■ Task requirements:
Repeat the data exactly as given below, dropping every picture.

*** Records to process

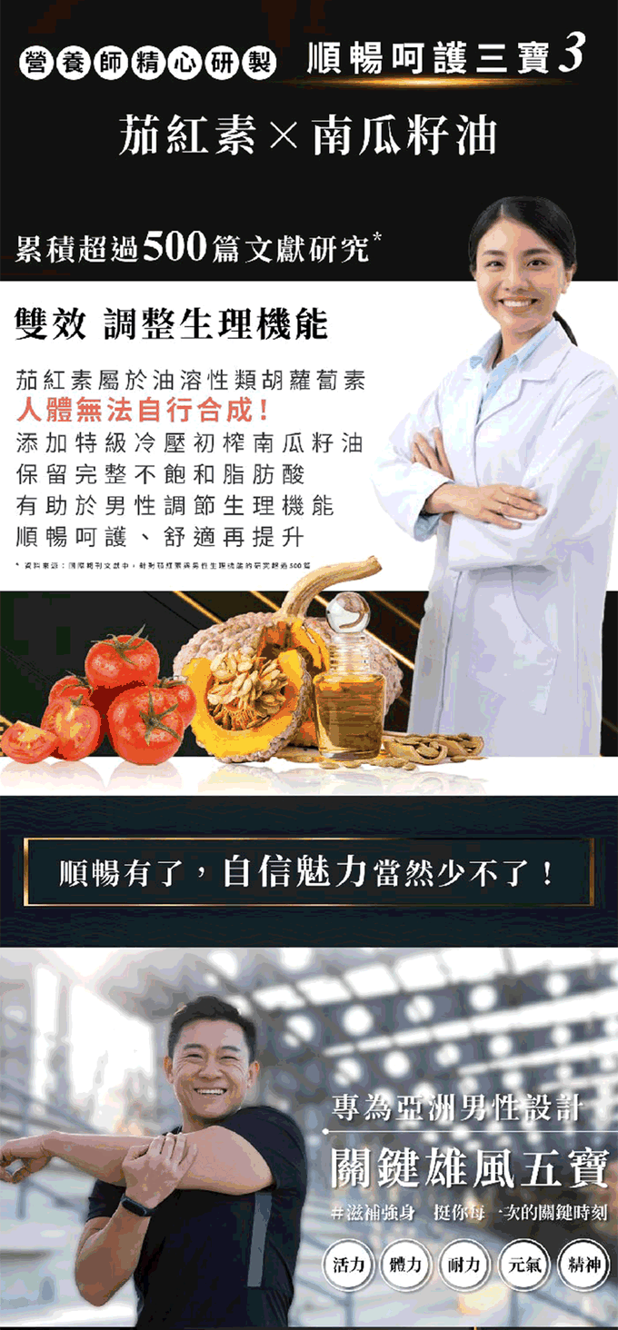新升級添加:「精胺酸」、增量50%「鋅」:提升男性魅力與保養。
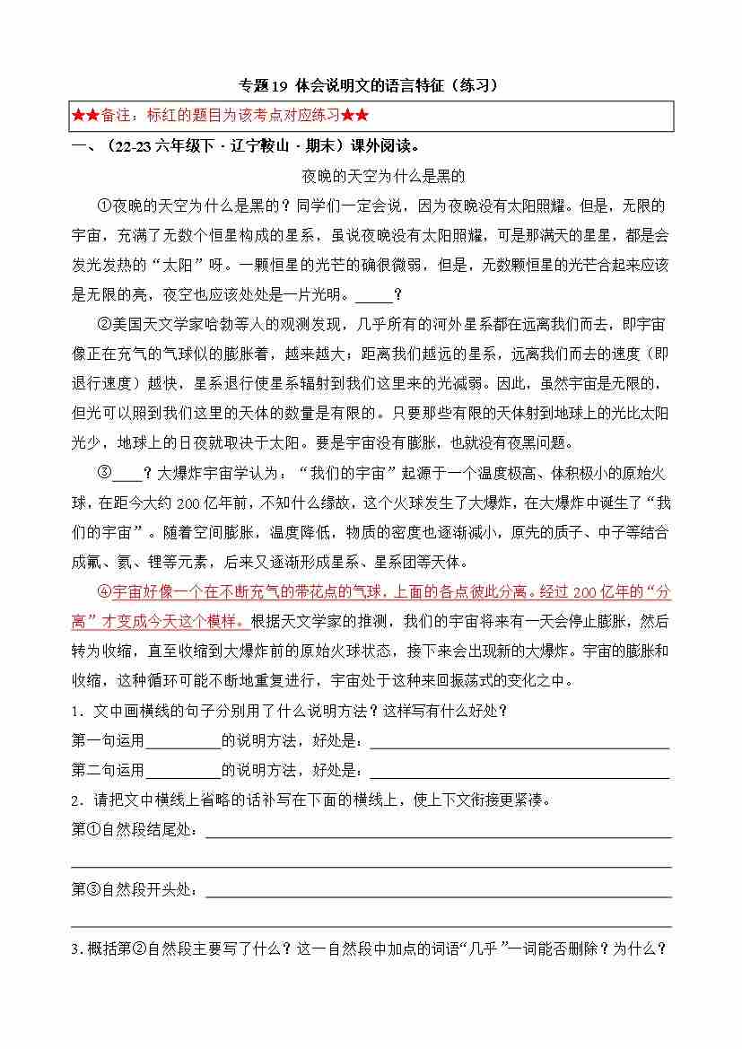 专题19 体会说明文的语言特征(练习)
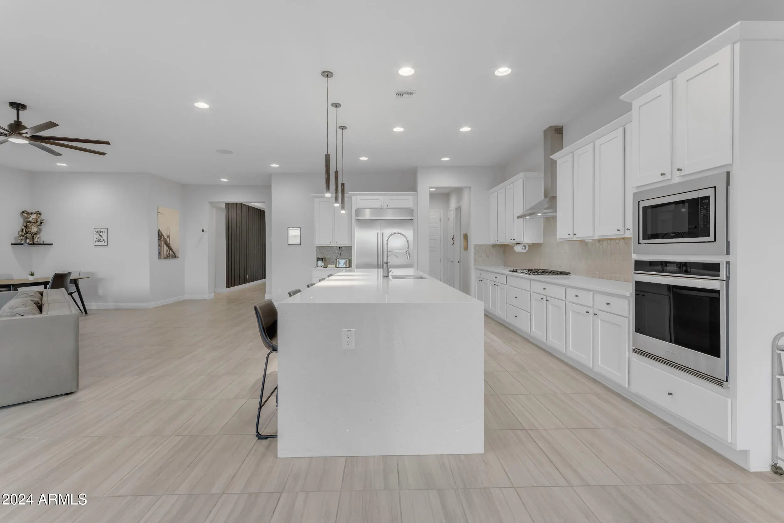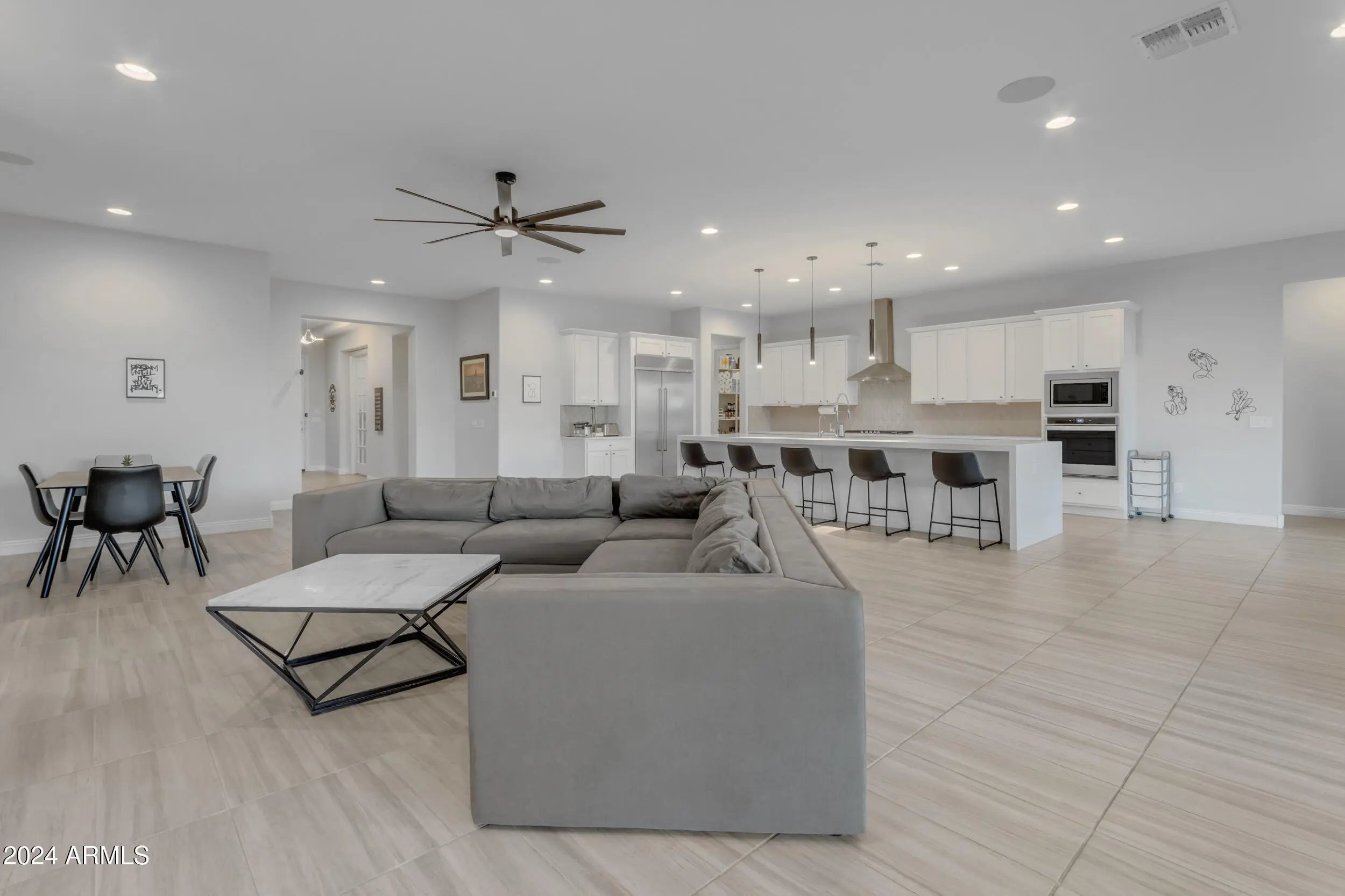 Remarkable 5-bedroom, 5.5-bathroom estate, featuring private entrance casita w/custom kitchenette! Nestled in the prestigious gated community of Harvest in Queen Creek. With exquisite design and top-tier resort style amenities, this home offers an unparalleled living experience. **Elegant Interiors and High-End Upgrades** From the moment you step through the door, you'll be captivated by the attention to detail and breathtaking design. The main living areas are adorned with 1x2 ft tile flooring, seamlessly integrated with upgraded carpeting in all bedrooms for added comfort. The expansive living space is accentuated by a large double slider wall and a sliding glass door in the dining room, creating a harmonious indoor-outdoor flow.
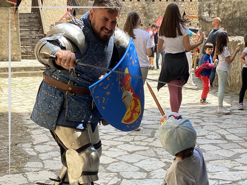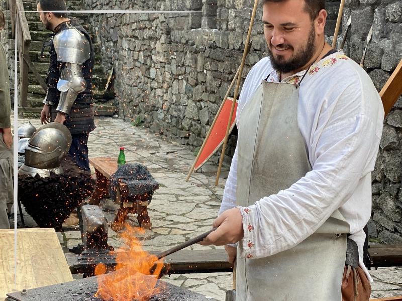 Mediaeval music, sounds of a hammer striking the anvil, the sound of a horn announcing the battle in the ring placed in the centre of the Small town just add to this experience.
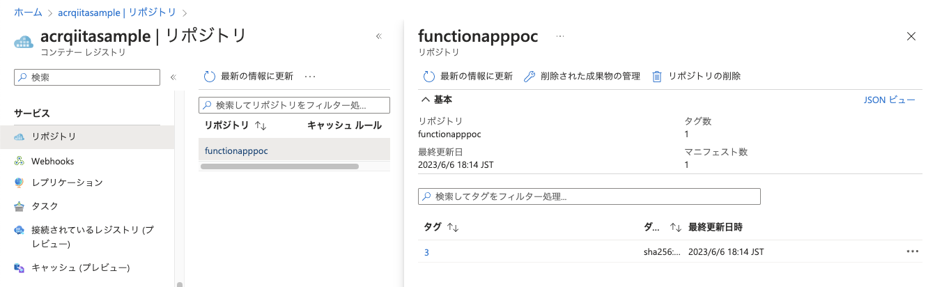 ACRのリポジトリを見ると、Pipelineの中でBuildされたImageがpushされています。
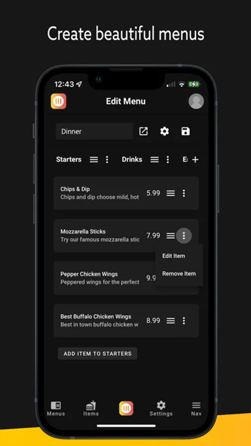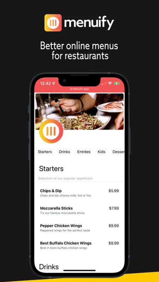 Menuify helps restaurants provide digital menus to their guests. With the Menuify app, you can create menus, manage your restaurant items and customize your restaurant's settings.
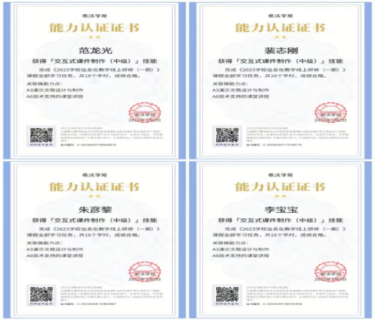 培训期间,学校每天早上发布学习链接,并耐心提醒学员们按时完成培训任务。经过12天的扎实培训,学校41名参加培训的教师收获满满,不仅提升了信息技术应用能力,还获得了能力认证证书和“杏坛教师”光荣称号。
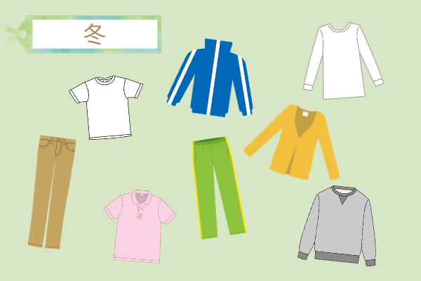 冬の服装は、厚手の生地や暖かいものを選びましょう。
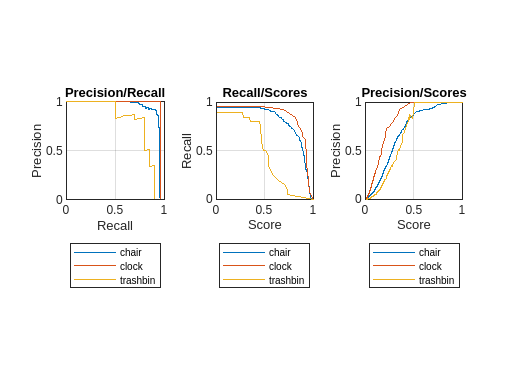 The figure shows the performance of the selected classes at each precision and recall value, and can help determine the detector threshold that results in sufficiently high precision while maintaining a minimum recall of 0.8. In this case, a detection score threshold of 0.5 is suitable for the chair and clock classes, but causes the recall for the trash bin class to fall below the desired limit, which you can see in the Recall/Scores plot. A lower threshold of 0.4 satisfies these conditions for the selected classes.
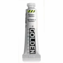 These GOLDEN Acrylics, Fluorescent Colours are intense, brilliant colours made from dyes surrounded by a polymer layer. It is important to realise that fluorescent pigments are NOT lightfast.
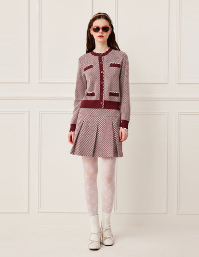 BORA AKSU Round Neck Ruffled-Trim Geometric Print Full Wool Knit Cardigan
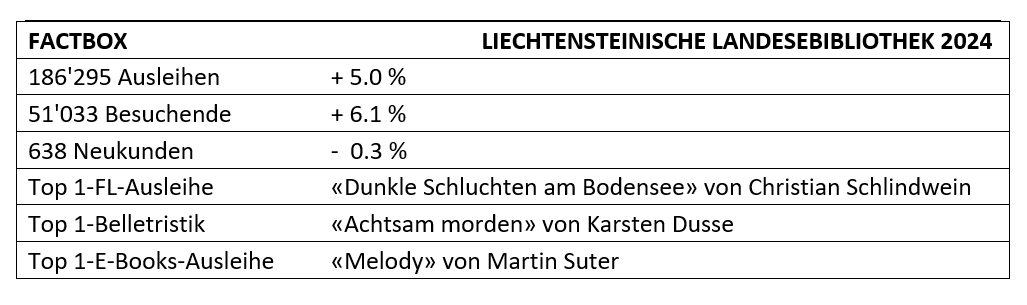 Die Liechtensteinische Landesbibliothek blickt auf ein äusserst erfolgreiches Jahr 2024 zurück. Sowohl bei den Ausleihen als auch bei den Besucherzahlen erreichte die Bibliotheksnutzung historische Höchstwerte.
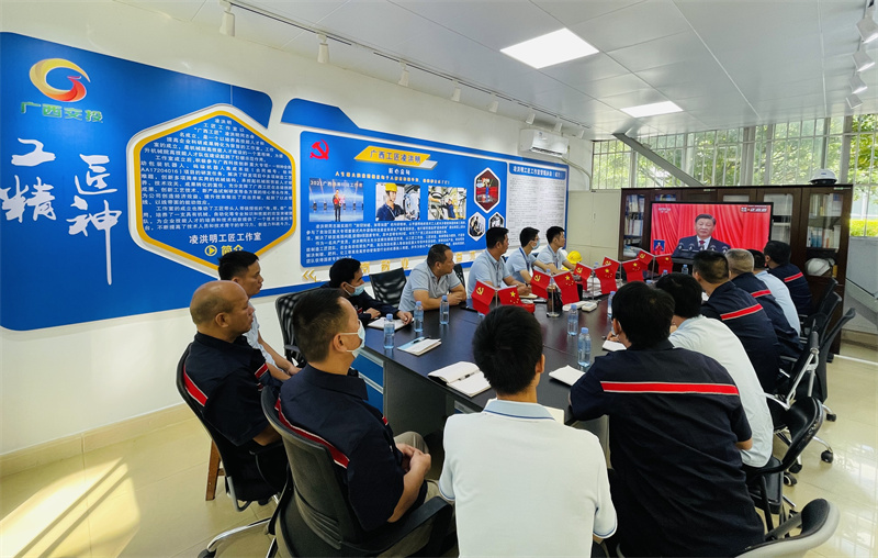 ▲各機(jī)電項(xiàng)目部收看大會(huì)直播

******

■ Response below:
新升級添加:「精胺酸」、增量50%「鋅」:提升男性魅力與保養。
 专题19 体会说明文的语言特征(练习)
 Remarkable 5-bedroom, 5.5-bathroom estate, featuring private entrance casita w/custom kitchenette! Nestled in the prestigious gated community of Harvest in Queen Creek. With exquisite design and top-tier resort style amenities, this home offers an unparalleled living experience. **Elegant Interiors and High-End Upgrades** From the moment you step through the door, you'll be captivated by the attention to detail and breathtaking design. The main living areas are adorned with 1x2 ft tile flooring, seamlessly integrated with upgraded carpeting in all bedrooms for added comfort. The expansive living space is accentuated by a large double slider wall and a sliding glass door in the dining room, creating a harmonious indoor-outdoor flow.
 Mediaeval music, sounds of a hammer striking the anvil, the sound of a horn announcing the battle in the ring placed in the centre of the Small town just add to this experience.
 ACRのリポジトリを見ると、Pipelineの中でBuildされたImageがpushされています。
 Menuify helps restaurants provide digital menus to their guests. With the Menuify app, you can create menus, manage your restaurant items and customize your restaurant's settings.
 培训期间,学校每天早上发布学习链接,并耐心提醒学员们按时完成培训任务。经过12天的扎实培训,学校41名参加培训的教师收获满满,不仅提升了信息技术应用能力,还获得了能力认证证书和“杏坛教师”光荣称号。
 冬の服装は、厚手の生地や暖かいものを選びましょう。
 The figure shows the performance of the selected classes at each precision and recall value, and can help determine the detector threshold that results in sufficiently high precision while maintaining a minimum recall of 0.8. In this case, a detection score threshold of 0.5 is suitable for the chair and clock classes, but causes the recall for the trash bin class to fall below the desired limit, which you can see in the Recall/Scores plot. A lower threshold of 0.4 satisfies these conditions for the selected classes.
 These GOLDEN Acrylics, Fluorescent Colours are intense, brilliant colours made from dyes surrounded by a polymer layer. It is important to realise that fluorescent pigments are NOT lightfast.
 BORA AKSU Round Neck Ruffled-Trim Geometric Print Full Wool Knit Cardigan
 Die Liechtensteinische Landesbibliothek blickt auf ein äusserst erfolgreiches Jahr 2024 zurück. Sowohl bei den Ausleihen als auch bei den Besucherzahlen erreichte die Bibliotheksnutzung historische Höchstwerte.
 ▲各機(jī)電項(xiàng)目部收看大會(huì)直播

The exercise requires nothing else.